-------- EXERCISE INPUTS --------

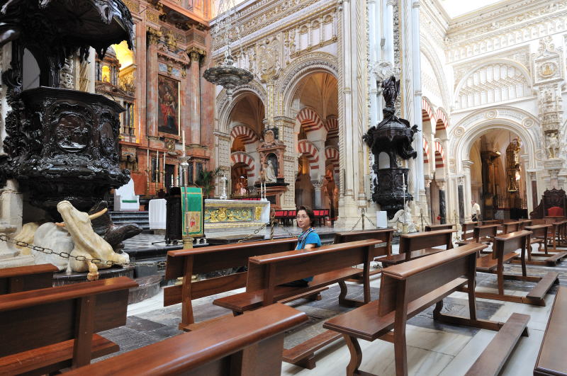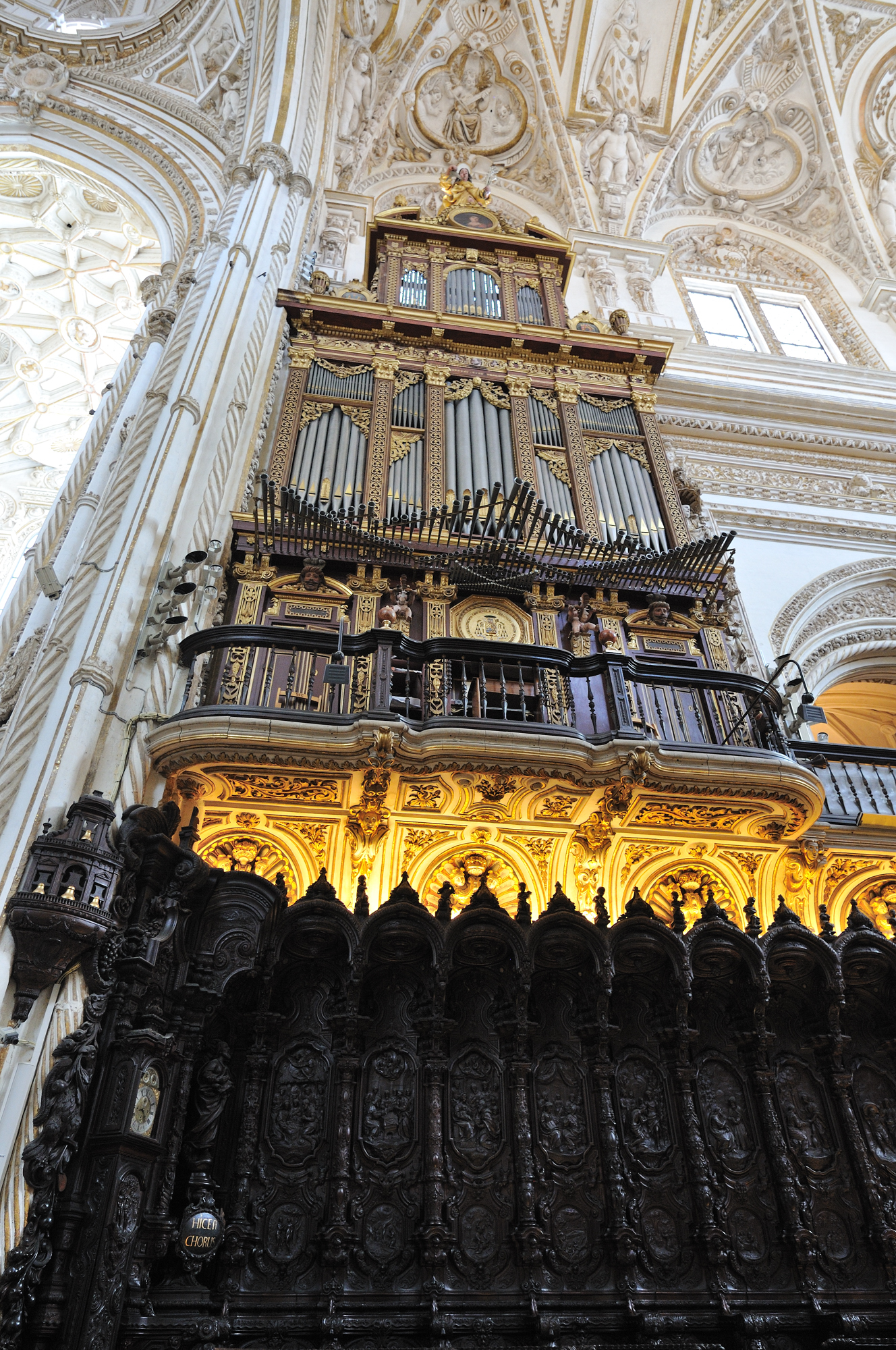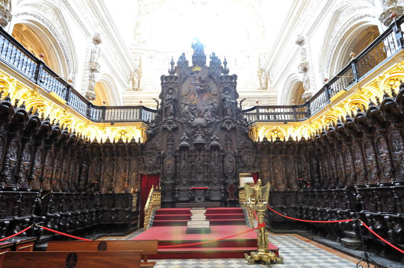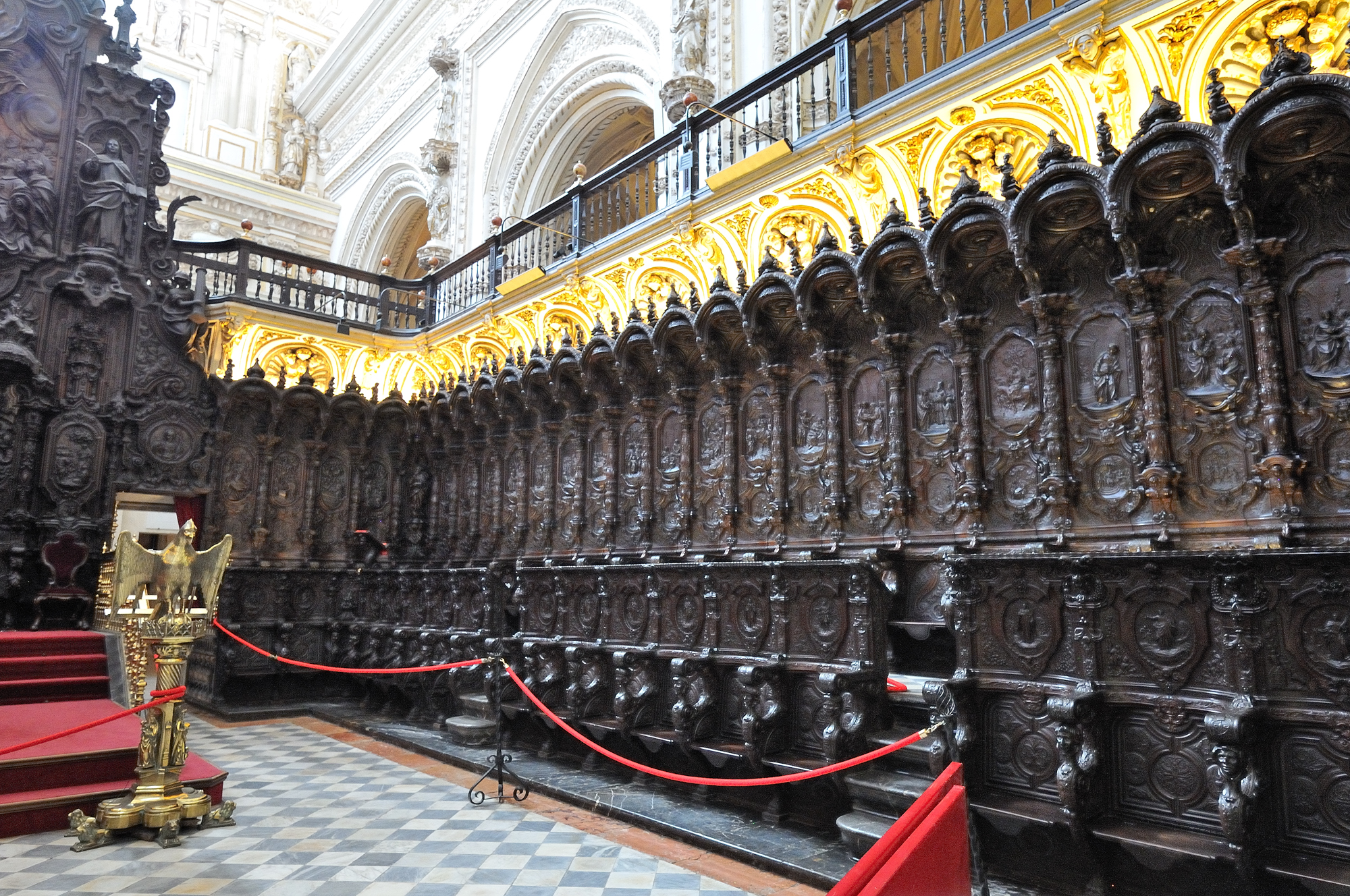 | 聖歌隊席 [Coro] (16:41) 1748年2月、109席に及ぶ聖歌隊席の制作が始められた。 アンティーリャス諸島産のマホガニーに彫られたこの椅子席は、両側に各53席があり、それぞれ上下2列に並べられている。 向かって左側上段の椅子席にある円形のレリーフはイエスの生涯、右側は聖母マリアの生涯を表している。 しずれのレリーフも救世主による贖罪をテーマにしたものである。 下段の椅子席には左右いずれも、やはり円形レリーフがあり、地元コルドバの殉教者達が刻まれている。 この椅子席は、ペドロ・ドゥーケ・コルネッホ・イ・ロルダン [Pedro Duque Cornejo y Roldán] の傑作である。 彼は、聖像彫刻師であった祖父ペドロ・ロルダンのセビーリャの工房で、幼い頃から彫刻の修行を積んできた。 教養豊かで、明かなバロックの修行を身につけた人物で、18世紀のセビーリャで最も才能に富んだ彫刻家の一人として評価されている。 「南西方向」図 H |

--------
-------- EXERCISE INPUTS --------

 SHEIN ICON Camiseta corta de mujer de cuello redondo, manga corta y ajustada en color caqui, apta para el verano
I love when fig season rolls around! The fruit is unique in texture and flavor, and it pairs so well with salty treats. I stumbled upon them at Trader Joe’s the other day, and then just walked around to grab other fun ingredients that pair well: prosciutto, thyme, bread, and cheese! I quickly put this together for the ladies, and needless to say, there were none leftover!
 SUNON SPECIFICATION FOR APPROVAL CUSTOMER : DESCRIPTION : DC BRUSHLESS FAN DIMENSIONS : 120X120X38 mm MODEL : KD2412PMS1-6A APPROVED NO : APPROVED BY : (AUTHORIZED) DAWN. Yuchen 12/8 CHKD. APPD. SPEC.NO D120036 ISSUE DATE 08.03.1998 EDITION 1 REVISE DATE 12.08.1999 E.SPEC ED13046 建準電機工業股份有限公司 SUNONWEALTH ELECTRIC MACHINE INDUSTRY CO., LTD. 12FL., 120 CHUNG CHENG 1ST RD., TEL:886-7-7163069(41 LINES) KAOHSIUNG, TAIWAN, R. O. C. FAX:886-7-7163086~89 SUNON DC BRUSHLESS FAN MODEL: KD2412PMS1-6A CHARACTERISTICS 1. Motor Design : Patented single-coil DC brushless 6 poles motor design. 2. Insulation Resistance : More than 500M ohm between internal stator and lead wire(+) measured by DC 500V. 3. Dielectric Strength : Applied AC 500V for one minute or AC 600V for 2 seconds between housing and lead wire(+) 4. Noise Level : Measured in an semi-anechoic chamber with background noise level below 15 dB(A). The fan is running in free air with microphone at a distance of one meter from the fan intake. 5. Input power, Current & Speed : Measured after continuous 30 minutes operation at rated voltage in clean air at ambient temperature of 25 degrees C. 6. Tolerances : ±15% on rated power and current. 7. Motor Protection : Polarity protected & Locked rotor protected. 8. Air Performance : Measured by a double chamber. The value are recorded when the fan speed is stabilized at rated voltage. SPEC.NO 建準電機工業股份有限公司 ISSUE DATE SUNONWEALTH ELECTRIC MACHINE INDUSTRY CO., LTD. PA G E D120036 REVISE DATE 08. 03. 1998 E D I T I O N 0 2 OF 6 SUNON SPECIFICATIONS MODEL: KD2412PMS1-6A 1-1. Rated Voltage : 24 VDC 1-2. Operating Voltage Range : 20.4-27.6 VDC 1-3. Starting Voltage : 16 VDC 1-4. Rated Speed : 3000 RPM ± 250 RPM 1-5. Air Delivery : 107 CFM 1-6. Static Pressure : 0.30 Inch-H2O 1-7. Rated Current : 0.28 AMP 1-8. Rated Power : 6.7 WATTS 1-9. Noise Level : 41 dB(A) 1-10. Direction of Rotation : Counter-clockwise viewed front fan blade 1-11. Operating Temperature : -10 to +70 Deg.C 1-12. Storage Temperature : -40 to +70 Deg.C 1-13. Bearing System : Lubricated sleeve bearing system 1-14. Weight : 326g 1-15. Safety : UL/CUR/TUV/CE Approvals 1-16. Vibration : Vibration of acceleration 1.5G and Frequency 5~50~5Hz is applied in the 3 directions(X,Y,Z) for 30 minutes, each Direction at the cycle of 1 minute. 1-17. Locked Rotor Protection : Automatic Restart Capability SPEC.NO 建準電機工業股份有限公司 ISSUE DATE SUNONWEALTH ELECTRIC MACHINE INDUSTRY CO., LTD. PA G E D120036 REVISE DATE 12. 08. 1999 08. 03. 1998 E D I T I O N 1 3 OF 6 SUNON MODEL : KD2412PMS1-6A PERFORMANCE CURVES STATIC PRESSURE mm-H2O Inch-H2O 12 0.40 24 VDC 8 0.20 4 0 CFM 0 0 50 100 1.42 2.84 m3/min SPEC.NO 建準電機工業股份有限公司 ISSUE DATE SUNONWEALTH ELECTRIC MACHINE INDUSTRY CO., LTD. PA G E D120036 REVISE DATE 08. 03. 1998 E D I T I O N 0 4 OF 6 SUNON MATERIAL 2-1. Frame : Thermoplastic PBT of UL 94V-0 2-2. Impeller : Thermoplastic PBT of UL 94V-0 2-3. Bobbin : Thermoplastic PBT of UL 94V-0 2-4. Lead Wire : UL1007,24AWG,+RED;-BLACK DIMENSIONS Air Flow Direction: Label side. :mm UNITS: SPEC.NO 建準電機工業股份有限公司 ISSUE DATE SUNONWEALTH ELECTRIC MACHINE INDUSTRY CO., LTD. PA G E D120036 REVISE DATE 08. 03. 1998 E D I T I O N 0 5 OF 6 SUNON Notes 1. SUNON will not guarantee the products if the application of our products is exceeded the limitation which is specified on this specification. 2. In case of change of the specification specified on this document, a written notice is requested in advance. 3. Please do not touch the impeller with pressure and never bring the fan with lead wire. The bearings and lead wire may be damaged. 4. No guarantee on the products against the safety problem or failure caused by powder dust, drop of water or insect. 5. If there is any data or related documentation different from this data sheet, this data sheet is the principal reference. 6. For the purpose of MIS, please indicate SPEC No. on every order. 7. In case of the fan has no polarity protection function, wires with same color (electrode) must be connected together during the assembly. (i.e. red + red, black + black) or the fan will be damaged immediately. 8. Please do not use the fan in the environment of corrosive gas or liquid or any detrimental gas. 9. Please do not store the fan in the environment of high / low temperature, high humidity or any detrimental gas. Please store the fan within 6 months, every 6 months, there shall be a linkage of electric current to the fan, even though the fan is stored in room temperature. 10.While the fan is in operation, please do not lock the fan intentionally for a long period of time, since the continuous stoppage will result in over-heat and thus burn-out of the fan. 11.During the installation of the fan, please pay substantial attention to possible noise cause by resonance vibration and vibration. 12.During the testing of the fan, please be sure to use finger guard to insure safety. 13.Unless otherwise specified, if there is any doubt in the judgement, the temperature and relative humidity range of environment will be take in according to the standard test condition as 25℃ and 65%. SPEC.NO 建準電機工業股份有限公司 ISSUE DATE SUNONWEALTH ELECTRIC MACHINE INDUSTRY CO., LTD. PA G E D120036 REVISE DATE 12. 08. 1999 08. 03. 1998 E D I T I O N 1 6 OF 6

--------

TASK DIRECTIONS: Look above for the line with "SHEIN ICON Camiseta" and the line with "I love when"; transcribe both and all lines in between, exactly, and nothing else.

YOUR SOLUTION:
 SHEIN ICON Camiseta corta de mujer de cuello redondo, manga corta y ajustada en color caqui, apta para el verano
I love when fig season rolls around! The fruit is unique in texture and flavor, and it pairs so well with salty treats. I stumbled upon them at Trader Joe’s the other day, and then just walked around to grab other fun ingredients that pair well: prosciutto, thyme, bread, and cheese! I quickly put this together for the ladies, and needless to say, there were none leftover!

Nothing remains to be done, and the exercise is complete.